Back on Santana's early hit album "Abraxas," in 1970, which featured "Oye, Como Va" and "Black Magic Woman," Davis says, "Carlos was young. He was fiery. His guitar blazed. He was dazzling."

Now, Davis says, "his guitar still dazzles. I think he has grown as a human being. He is very inspirational. He combines his passion for music with a very spiritualist philosophy of humanistic principles."

If "Shaman" can repeat "Supernatural's" success, Davis says, it would show that "music can transcend age boundaries and perpetuate careers."

Santana, 55, also wants to show that music can transcend international borders he cites the work of Harry Belafonte, Louis Armstrong and Dizzy Gillespie as good-will ambassadors, and says he would like to travel to Africa someday with musicians to help the poor and spiritual divides.

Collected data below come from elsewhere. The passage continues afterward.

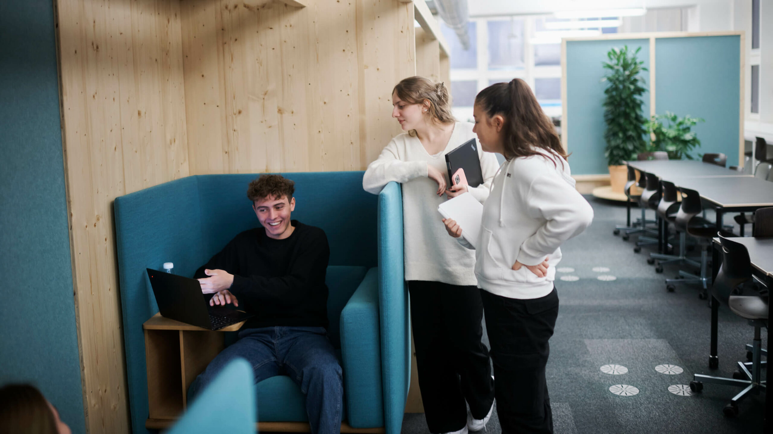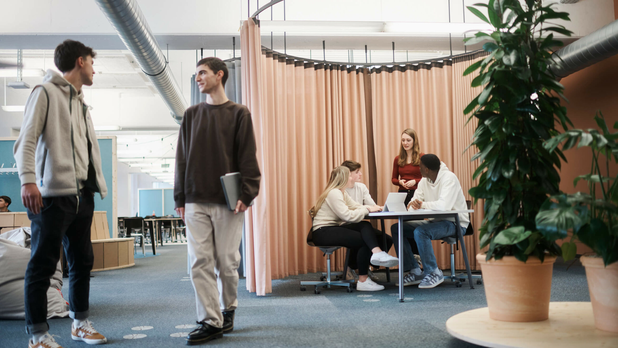 Diese Lernlandschaft ist in verschiedene Zonen unterteilt, die durch mobile Akustikwände voneinander getrennt sind. Diese Wände ermöglichen eine flexible Anpassung der Umgebung an die jeweiligen Bedürfnisse und Aktivitäten. Ob konzentriertes Lernen, kreatives Denken, Gruppenarbeit oder Selbststudium – die Loft School bietet Raum für alles. Bequeme Sitzsäcke laden zum Entspannen und Ideenaustausch ein, während in anderen Bereichen traditionelle Sitzgelegenheiten für formelleres Lernen und Diskussionen zur Verfügung stehen.
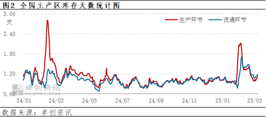 库存:今日全国生产环节平均库存1.11天左右,流通环节库存1.19天左右,走货减慢,库存略有提升。
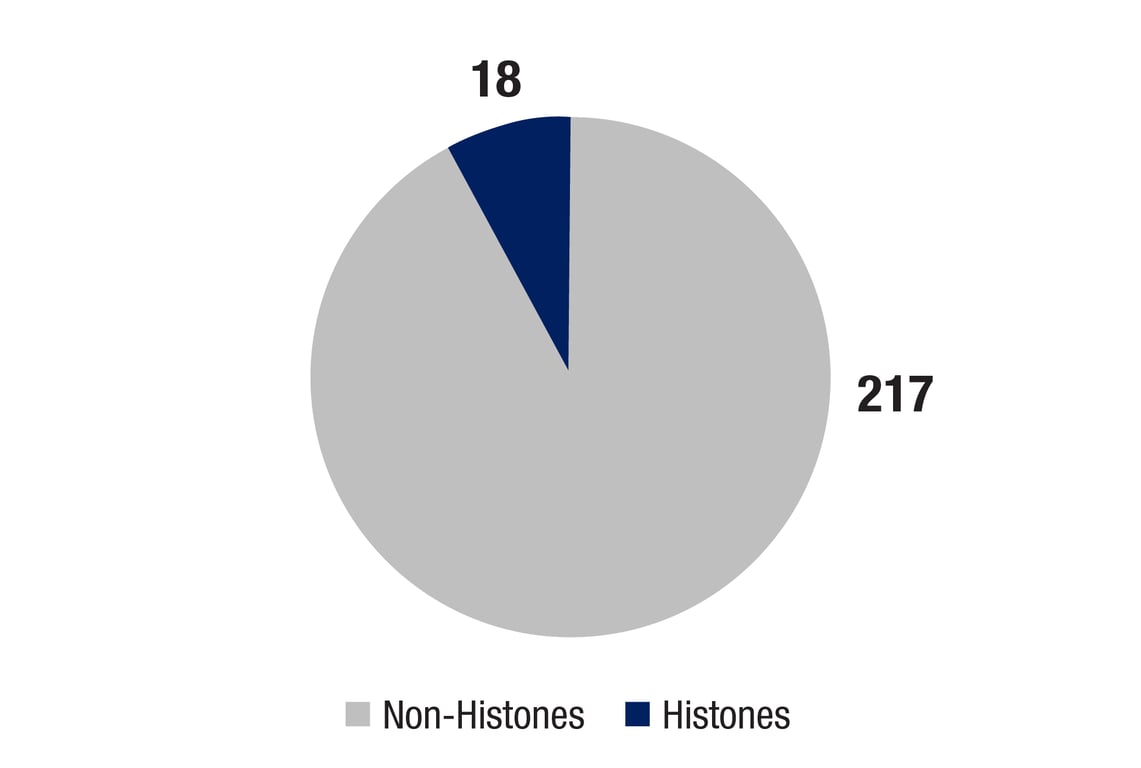 Most PKMT substrates are histone proteins and transcription factors, emphasizing the importance of lysine methylation in regulating chromatin structure and gene expression. Lys9 of histone H3 is mono- or di-methylated by G9A/GLP and tri-methylated by SETDB1 to activate transcription. JHDM3A-mediated demethylation of the same residue creates mono-methyl Lys9 and inhibits gene transcription (5). Tumor suppressor p53 is regulated by methylation of at least four sites. p53-mediated transcription is repressed following mono-methylation of p53 at Lys370 by SMYD2; di-methylation at the same residue further inhibits p53 by preventing association with 53BP1. Concomitant di-methylation at Lys382 inhibits p53 ubiquitination following DNA damage. Mono-methylation at Lys382 by SET8 suppresses p53 transcriptional activity, while SET7/9 mono-methylation at Lys372 inhibits SMYD2 methylation at Lys370 and stabilizes the p53 protein. Di-methylation at Lys373 by G9A/GLP inhibits p53-mediated apoptosis and correlates with tri-methylation of histone H3 Lys9 at the p21 promoter (1,6). Overexpression of PKMTs is associated with multiple forms of human cancer, which has generated tremendous interest in targeting protein lysine methyltransferases in drug discovery research.
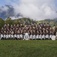 Die Tracht der Musikanten besteht aus einem schwarzen Hut mit Dachsbart, braunem Uniform Rock, roten Leib, schwarzer Kniebundhose mit grünen Stutzen.

"This new message with 'Shaman' is to invite people to embrace their divinity."

Santana recalls lecturing at a music school in Boston.

"They started asking me all these questions, and I said, all I know is that in one note you're supposed to put five things in it soul, heart, mind, body, cojones. One note. If you don't put those five things in that note, I don't care how much music you know, man, I'm not going to feel it. … We're on this planet. Make me feel human. Make me feel spirit. Make me feel sacredly and sensually divine."